How Google Decides On Your Ad Prices (And How To Lower Them)
By Mike Hauben
I recently ran a keyword report for a great client. This is one of the first steps of creating a marketing plan for any local business. By looking at a variety of factors, we’re able to decide the best keywords to run ads for on Google.
A “keyword” is a word or phrase that we want our business to show up for when a visitor is searching for that term on Google. But after doing some in-depth research, you’ll realize that some keywords will cost you as low as $1.00 per click, while some may cost up to $20.00 per click.
Before I dive into lowering our ad costs, let’s review the two main strengths of Google Ads:
- You put your store/brand in front of people who are looking specifically for the keywords you’ve decided on. So, rather than hoping your ads reach the right people, you KNOW that your ads are in front of the perfect potential customer.
- You only pay per click. How often have you ran an ad in a magazine, left to wonder if it actually paid off? Probably all the time. Instead, Google ONLY charges you when someone clicks on your ad.
How much will Google charge you for ads? “It depends”.
Let’s clear something up – your budget with Google does NOT influence your ad placement.
Each time somebody makes a search on Google, an instant ad auction happens behind the scenes. This auction compares the bidders for that keyword, and Google makes a split decision on the order they’ll display the competing ads. This is called Ad Rank.
Your listing order (ad rank) is based on two things – maximum bid and Quality Score.
Quality Score is Google’s rating of the quality and relevance of both your keywords and ads. It’s based on a few things:
- Your click-through rate (how often people click on your ads).
- The relevance of your keywords.
- Landing page structure, quality, and relevance.
- The relevance of the text used in your ads.
Google keeps the exact formula a secret, but we do know that click-through rate is the most important component to your Quality Score. If a high percentage of people are clicking on your ads, Google determines that your ads are relevant to the searcher. They’ll reward you with higher ad placement at lower costs.
Many business owners view Google Ads as a “Set it and forget it” solution. However, you may now notice the work that goes running a successful Ad campaign. It’s not only about deciding on a bunch of keywords. You’ll also want to edit your ads, test them, improve the structure of your site with better landing pages, etc.
Another recommendation is to use “long-tail keywords”.
Long-tail keywords play a big role in lowering your ad cost.
The more general of a search term you’re bidding for, the more competing businesses you’ll have bidding for those keywords as well. This means the cost will be much higher for these broad terms.
We want to target our ads to more specific search queries, called “long-tail keywords”.
Broad keyword: “Jewelry”
Long-tail keyword: “best local jeweler in Long Island”

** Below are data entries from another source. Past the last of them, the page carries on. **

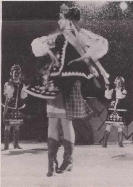
Bailarines ucranianos en acción.

El Winterlude se inicia en Dows Lake con fuegos artificiales, veladas musical y una exhibición de patinaje sobre hielo,
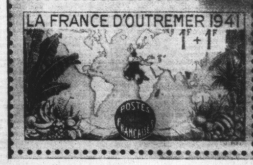
A l'occasion de la « Semaine de la France d'outre-mer », voici le nouveau timbre de 1 franc avec surtaxe de 1 franc dont le produit sera versé au « Secours National ».

Vichy, 21. — Le bulletin officiel publie une loi relative aux attributions de M. Fucheu, nouveau ministre de l'Intérieur. En vertu de cette loi, l'amiral Darlan, vice-président du Conseil, exercera une autorité directe sur le ministère de l'Intérieur. Les projets de lois et de décrets élaborés par ce département devront être approuvés par l'amiral Darlan.
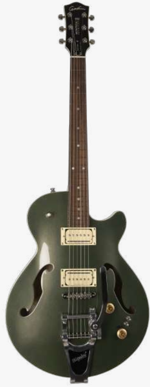
沙漠绿 RN 051588

琴型：单缺角设计 琴体：拱面开放气孔雪松木 背侧：加拿大樱桃木面板 琴颈：桃花心 24.75" 有效弦长 12" 指板弧度 1.68" 琴枕宽度 指板：22 品 玫瑰木 / 赛璐璐品记镶嵌 琴枕：加拿大 GRAPHTECH 漆面：亮光 旋钮：低音弦 18:1 高音弦 26:1 镀铬卷弦器 电路：2 X SEYMOUR DUNCAN P-RAIL (琴颈、琴桥) 控制：1 音色、1 音量、3 档控制、2 迷你拨档 琴桥：BIGSBY 颤音系统、滚珠琴桥 琴弦：.010 .013 .017 .026 .036 .046 E10 配件：原厂琴包 产地：加拿大
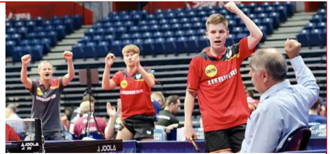
Hochmotiviert, das deutsche U15-Team

Für die Nachwuchs-Nationalmannschaften des DTTB hat der Teamwettbewerb der 64. Jugend-Europameisterschaften in Belgrad mit vier Siegen und vier Niederlagen begonnen. Die U19-Auswahl der Mädchen war am Eröffnungstag trotz einer knappen Partie nicht zu bezwingen und marschiert schnurstracks auf das Achtelfinale zu. Die U15-Teams beider Geschlechter, die jeweils einen Sieg und eine Niederlage verbuchten, können im Falle eines Erfolgs im dritten Gruppenspiel am Donnerstag ebenfalls direkten Kurs auf die Runde der besten 16 nehmen. Das noch sieglose U19-Quintett steht nach einer nicht eingeplanten Niederlage gegen Schweden zwar nun unter Zugzwang, hat nach einem überraschenden Sieg der Schweiz über Schweden aber sogar noch die Chance auf Platz 2 und die Direktqualifikation.
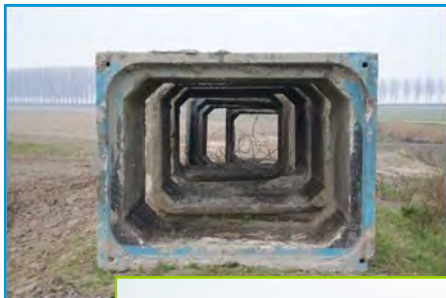
Dit wordt het vleermuizenhuis.

Het werk is bijna klaar! Onlangs zijn de verbindingen met de Mark gemaakt. Het project is nu klaar voor de hoogwaters van de komende winter. Er werd 80.000 m3 grond verwijderd, zodat er nu 3.5 ha meer ruimte is voor het water. Het werk kan nog niet definitief opgeleverd worden, maar de aannemer heeft al zijn materiaal verplaatst en is momenteel in "winterstop". Dit komt omdat er nu geen grond kan gebracht worden op akkers die in gebruik zijn. Wat nu nog moet gebeuren is het verwijderen van de gronddepots en het ombouwen van oude betonbuizen tot woonplaatsen voor vleermuizen. Het vleermuizenhuis wordt ontwikkeld in samenwerking met het Departement Kennis en Ontwikkeling van het Waterschap. Er is overeengekomen dat alle werkzaamheden moeten afgerond zijn tegen 1 maart 2012; dan begint namelijk het broed- en groeiseizoen.
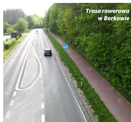
Trasa rowerowa w Borkowie
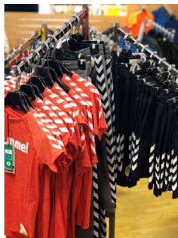
Íþróttafatnaður frá Hummel.

Litrikir og frisklegir íþrótt- og gönguskór fyrir dómuna frá Skechers.
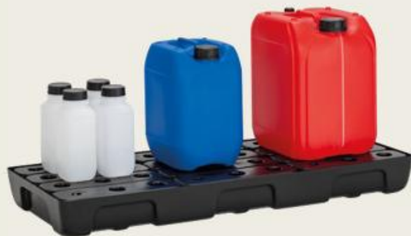
Posuda se PE rešetkom, 21lt
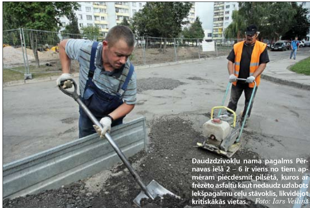
Daudzdzīvokļu nama pagalmā Pērnavas ielā 2 – 6 ir viens no tiem apmēram piecdesmit pilsētā, kuros ar frēzēto asfaltu kaut nedaudz uzlabots iekšpagalmu ceļu stāvoklis, likvidējot kritiskākās vietas.
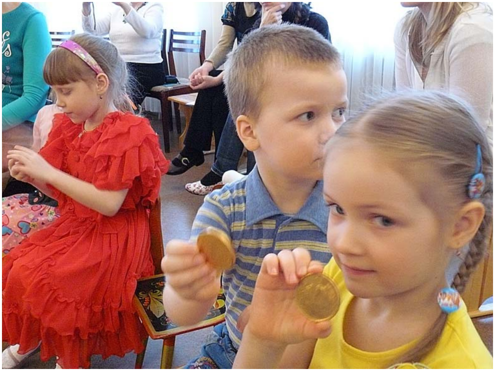
Коллективная фотография на память о проекте
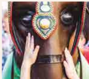
Tots som la Tecla

19 h , pl. de les Cols. Presentació del llibre Tots som la Tecla , de la periodista i fotògrafa tarragonina Laia Díaz. Un recull d'històries i fotografies de 60 persones que fan que la Festa Major de Santa Tecla de Tarragona sigui única. Imatges i persones al servei de la festa, la bibliografia festiva teclera creix!
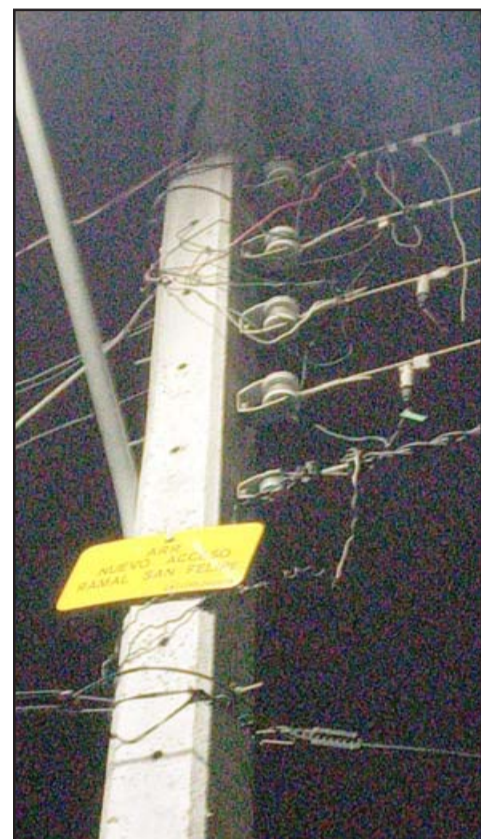
Acá se aprecia la gran cantidad de cables 'colgados' en el empalme.

Importante reiterar que la luz a esas 20

Is someone in your local area likely to search for the term “jewelry”? Or are they more likely to search for a term like “best local jeweler in my area”?
These specific, longer search queries make up the majority of Google searches, because users are searching for their specific needs. Not only will long-tail keywords have less competition (which results in lower ad cost), but they’re way more specific to your sales goals.
Remember, Google Ads is not a “reach” marketing style. We’re not trying to decide on the most broad search terms in an effort to reach as many people as possible. I would use social media for that. Google Ads is for the OPPOSITE purpose. The reason you run Google Ads is to target extremely specific people. By capitalizing on these long-tail keywords, you’re way more likely to reach your target searcher. We can use long-tail keywords to think more like a sniper with our marketing approach.